Using an AFM tip to simulate biomolecule binding events, we demonstrate that the technique suppresses laser frequency noise by 27 dB and out-completes direct frequency shift measurements over the frequency band relevant to biosensing. An absolute frequency shift sensitivity of 76 kHz is achieved, to our knowledge surpassing all previous whispering gallery mode sensors11. It should be noted that Ref. 11 reported a raw sensitivity of 100 kHz without using the cross-correlation analysis method reported here. Applying this method in their experiments could potentially enable a significant enhancement in sensitivity.

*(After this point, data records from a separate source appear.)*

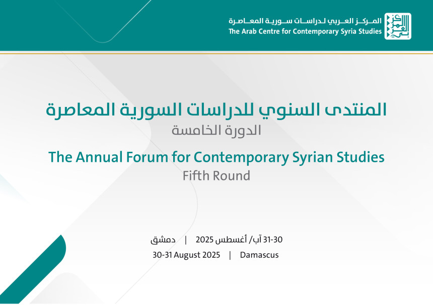 ينظّم المركز العربي لدراسات سورية المعاصرة أعمال المنتدى السنوي للدراسات السورية المعاصرة (الدورة الخامسة)، يومي 30 و31 آب/ أغسطس 2025، في العاصمة السورية دمشق.يتضمّن المنتدى مجموعة من الأوراق المحكّمة التي تتناول قضايا الحوكمة وإعادة الإعمار، وإصلاح التعليم والنقابات، وتحوّلات الخطاب السياسي والديني، وديناميات الطائفية، وأوضاع اللاجئين في دول الجوار والشتات، وأدوار الفاعلين المحليين والدوليين. ويخصّص مجموعة من الورشات لمناقشة قضايا…
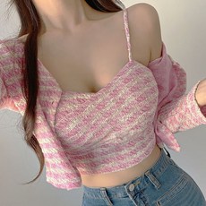 [에이진] 내장캡 트위드 크롭나시 가디건세트 (2colors)
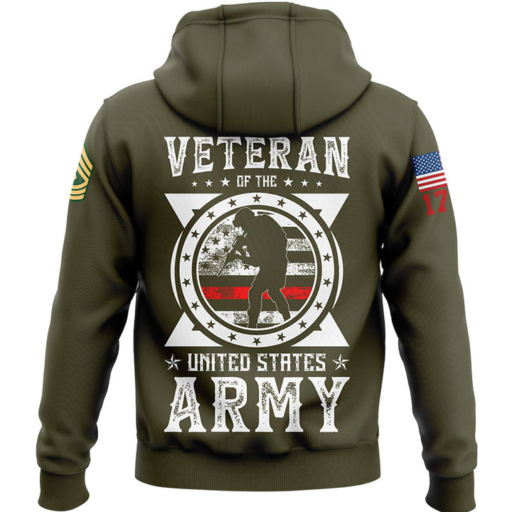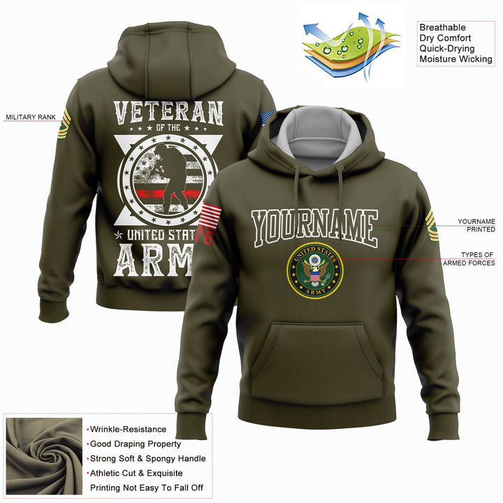 Custom Olive Veteran 1776 American Flag U.S Army Military Rank Name Hoodie
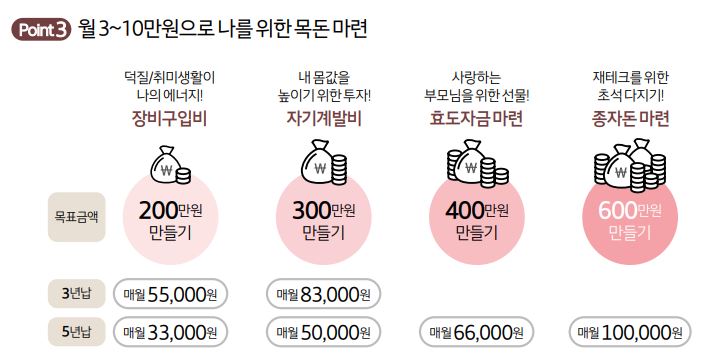 중간에 포기를 하시더라도 한달만 유지해도 원금이상 보장이 되며, 매월 3만원~10만원 이내의 금액이기 때문에 누구나 쉽게 시작하실 수 있습니다.
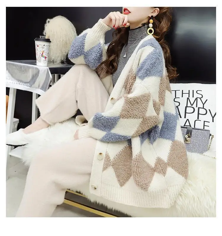 Женский плотный вязаный кардиган с бархатной подкладкой, свободный ...
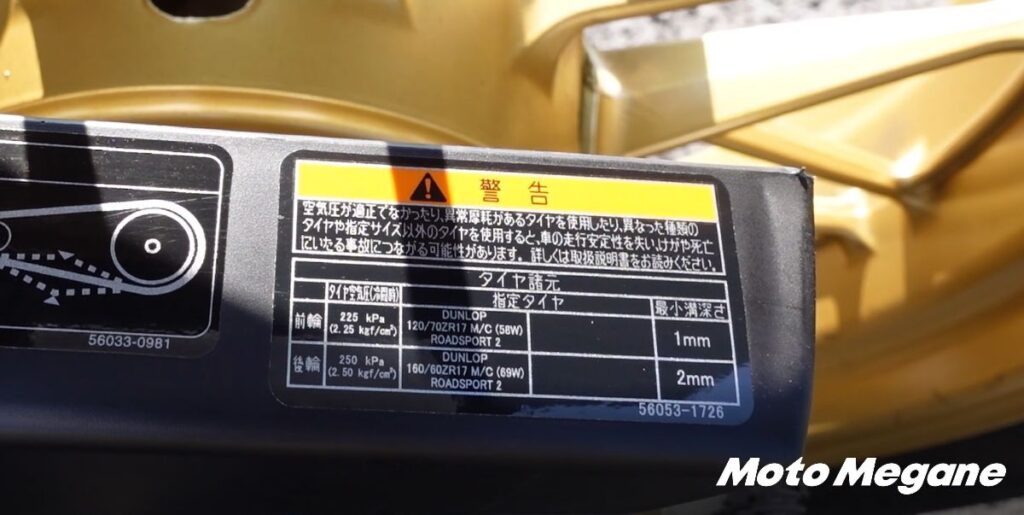 | リア | MT/4.5 | 160/60ZR17 | 2.50kgf/cm² | チューブレス/ラジアル |

During review of this article we became aware of parallel efforts reported very recently in a conference abstract17. These efforts apply the principle of back-scatter based sensing to detect nanoparticles as small as 20 nm in radius and extend work reported in a PhD dissertation18. No conclusions are drawn about the fundamental noise limits of the technique or its resistance to laser frequency noise.

Methods

The microtoroidal resonator had an optical quality factor of approximately 2 × 107 and was optically excited with 4.3 μW of 1557.5 nm laser light. A Thorlabs 6015-3-APC circulator placed in the fibre line prior to the resonator allowed the backscattered intensity to be measured on a New Focus 2011 photoreceiver, with approximately 50 nW of backscattered power observed when the laser was on resonance. The Pound-Drever-Hall (PDH) error signal used to compare back-scatter measurements to conventional frequency shift measurements additionally allowed the laser, a New Focus Velocity external cavity diode laser, to be locked onto the optical resonance frequency via feedback to its internal PZT, enforcing the zero-detuning condition Δ = 0. To further stabilise the experiments, the optical coupling rate to the resonator was locked to critical coupling by amplitude modulating the laser to extract a zero-crossing error signal and feeding this back to a PZT controlling the position of the tapered optical fibre16.